Workers in Store for Pickup in Wage Growth

Press release from the issuing company

Wednesday, May 16th, 2012

Annual wage gains for private sector workers are likely to increase in the coming months, according to the preliminary second quarter Wage Trend Indicato (WTI) released today by Bloomberg BNA, a leading publisher of specialized news and information.

The index rose to 98.70 (second quarter 1976 = 100) from 98.42 in the first quarter.

"The latest WTI is pointing to an acceleration in the pace of wage growth later in the year," economist Kathryn Kobe, a consultant who maintains and helped develop Bloomberg BNA's WTI database, said. "We're seeing continued slow improvement in labor markets, and the outlook for future inflation is back up to where it was earlier this year," Kobe said.

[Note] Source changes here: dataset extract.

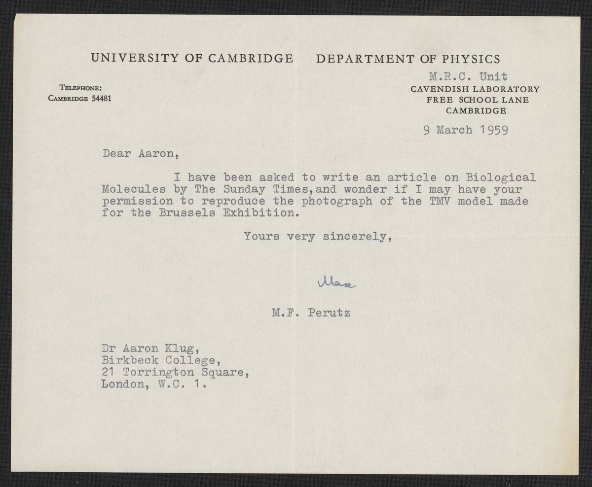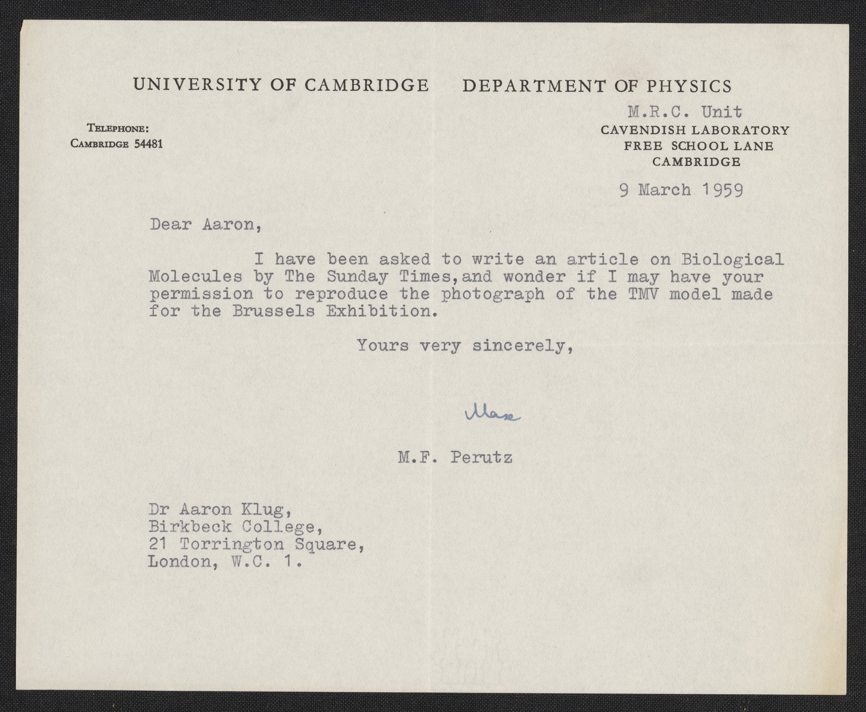 Max Perutz (1914-2002) asks Aaron Klug (1926-2018) if he can use an image of his tobacco mosaic virus model (TMV) in an upcoming article to be published in The Sunday Times.

Over its history, the WTI has predicted a turning point in wage trends six to nine months before the trends are apparent in the Department of Labor's employment cost index (ECI). A sustained increase in the WTI forecasts greater pressure to raise private sector wages, while a sustained decline is predictive of a deceleration in the rate of wage increases.

Annual wage gains in the private sector are expected to move above the 1.9 percent year-over-year increase in the first quarter, as measured by the ECI. The WTI does not forecast the magnitude of wage growth, only the direction.

Reflecting recent economic conditions, five of the WTI's seven components made positive contributions to the preliminary second quarter reading, while two factors were negative.